Drag racing has always been a sport about pushing the boundaries of speed and safety. The most important thing was to win, and the Big Three recruited hot rodders across the country to try and make the meanest, fastest cars they could. This eventually led to many rodders moving the rear axle forward a foot and a half, giving birth to the Funny Car. But it wasn’t until Mercury showed up to the track in 1965 with its built-from-the-ground-up Comet that Funny Cars adapted the trademark fliptop body.

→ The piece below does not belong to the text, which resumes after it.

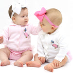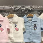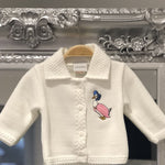 Beautiful quality traditional girls knitted cardigan from Dandelion Knitwear with Jemima Puddle Duck embroidery to chest.

Mercury built just five of these fliptop Comets, and only one is left. It is being auctioned off at Barrett-Jackson this month as the Grandfather of Funny Cars.

Pictures: Barrett-Jackson

The nickname is a bit misleading, as Funny Cars were already making appearances at the strip when Mercury came to town with the Comet. But it was the first purpose built Funny Car, whereas previous funny cars were merely modified showroom cars. The fliptop body was an important innovation for Funny Cars for two reasons. It shaves several hundred pounds off the car in the extremely competitive Funny Car classes, while retaining the look of a showroom car.

But this Comet was important for other reasons too. It was the first Funny Car to run an automatic transmission, which was largely dismissed by racers of the day. It also featured the first safety escape hatch, which I’m sure all race car drivers appreciate today. Powered by a Mercury 427 SOHC engine and driven by Pete Gates (and he called the car “Gate Job”), this comet went on to win the 1966 season, catapulting him into history alongside his amazing automobile.